Los Stein trabaron amistad con buena parte de los artistas emergentes a los que promovían, en particular Matisse y Picasso, cuyos cuadros coleccionaban. Gracias a Sarah, el primero pudo montar una escuela de pintura.

Casas que parecían museos

Las paredes de los domicilios de la familia estaban tan repletas de obras de arte que tuvieron que establecer horarios para las visitas, que acudían con el mismo interés que si se tratase de museos. Una vez a la semana organizaban jornadas de puertas abiertas, en las que se daban cita escritores, artistas, músicos e intelectuales.

En 1928 Sarah y Michael Stein cambiaron de domicilio y se establecieron en la Villa Stein que diseñó para ellos el arquitecto Le Corbusier. Gertrude, que ya vivía con Alice B. Toklas, adquirió un bello estudio en la calle Christine.

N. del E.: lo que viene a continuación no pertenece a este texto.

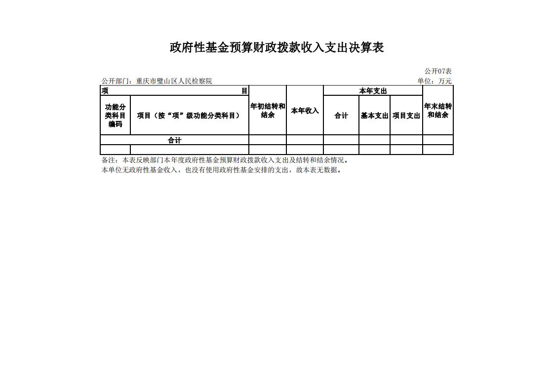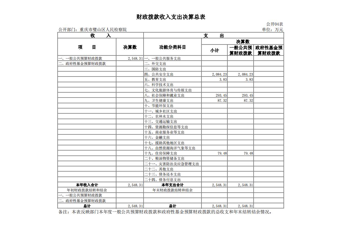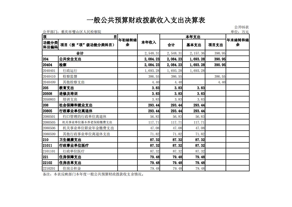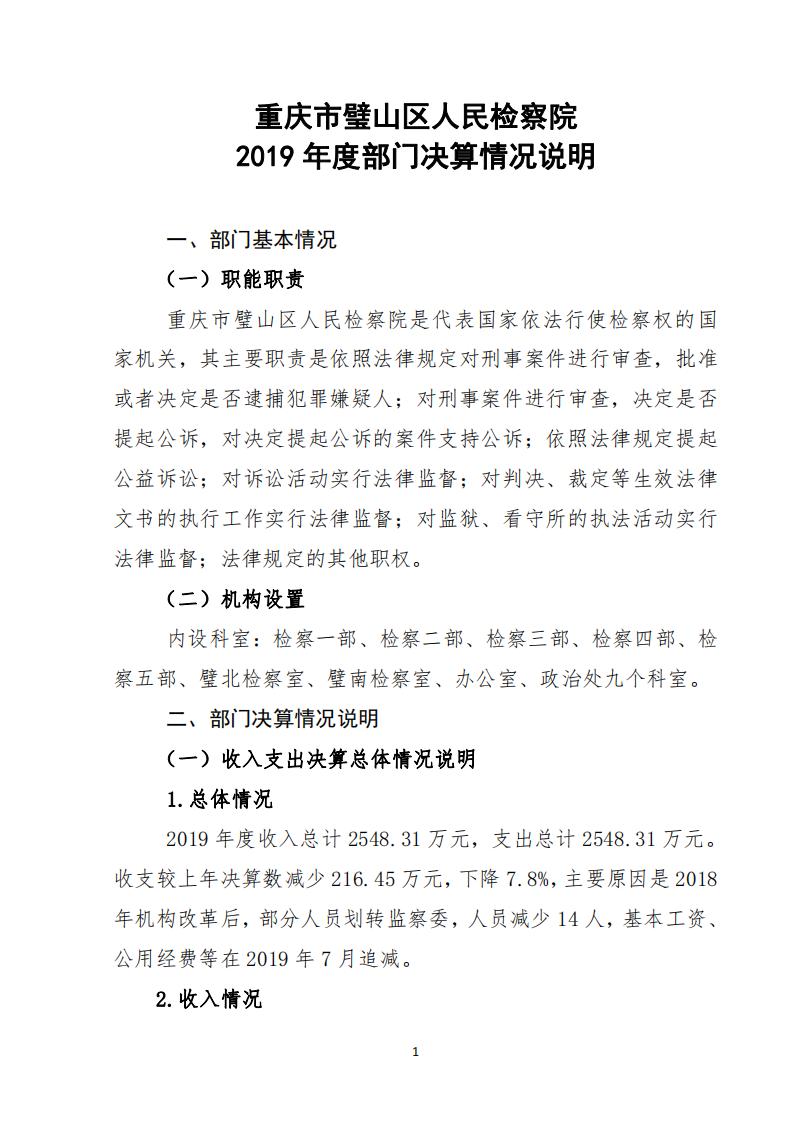 2019年重庆市璧山区人民检察院决算公开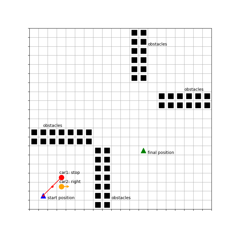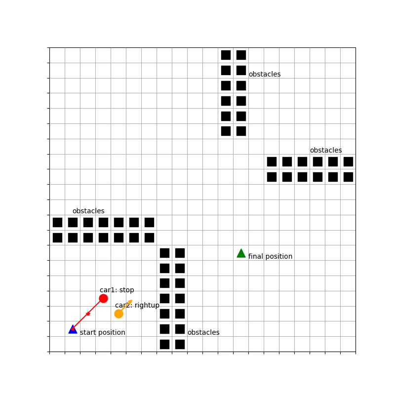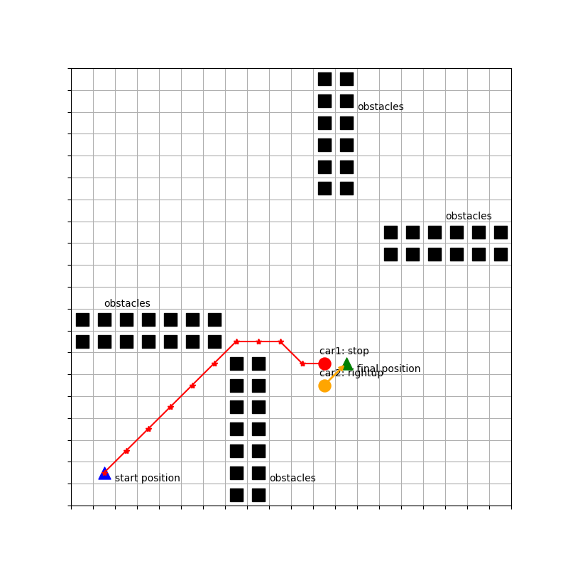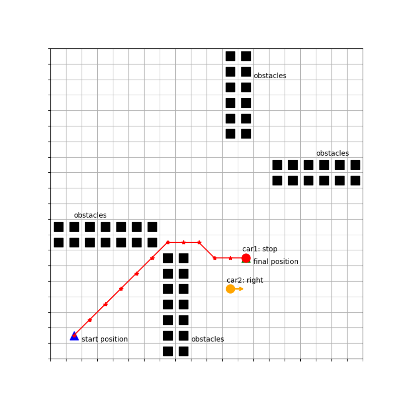 Based on the above model description, the simulation results of the driving model are visualized as shown in Fig. 2. The three diagrams (a), (b), and (c) represent the three interaction stages that car1 goes through with car2 on the way to the destination, in each interaction car1 stops its current action and waits for car2 to move away before acting again, and figure (d) shows the complete trajectory of car1 from the initial position to the final position. In the simulation results shown in Fig. 2, each step of car1 goes through the t1-t9 interaction process shown in Fig. 1.

Todos los hermanos Stein regresaron a California antes de la II Guerra Mundial con la excepción de Gertrude, que siguió viviendo en Francia hasta su muerte. Durante el conflicto bélico mostró con claridad su apoyo a Hitler, para el que llegó a pedir la concesión del Nobel de la Paz.

Tras su exhibición en el SFmoma, The Steins Collect viajará a París (Grand Palais, Paris, entre octubre de 2011 y enero de 2012) y Nueva York (Metropolitan Museum of Art, de febrero a junio de 2012).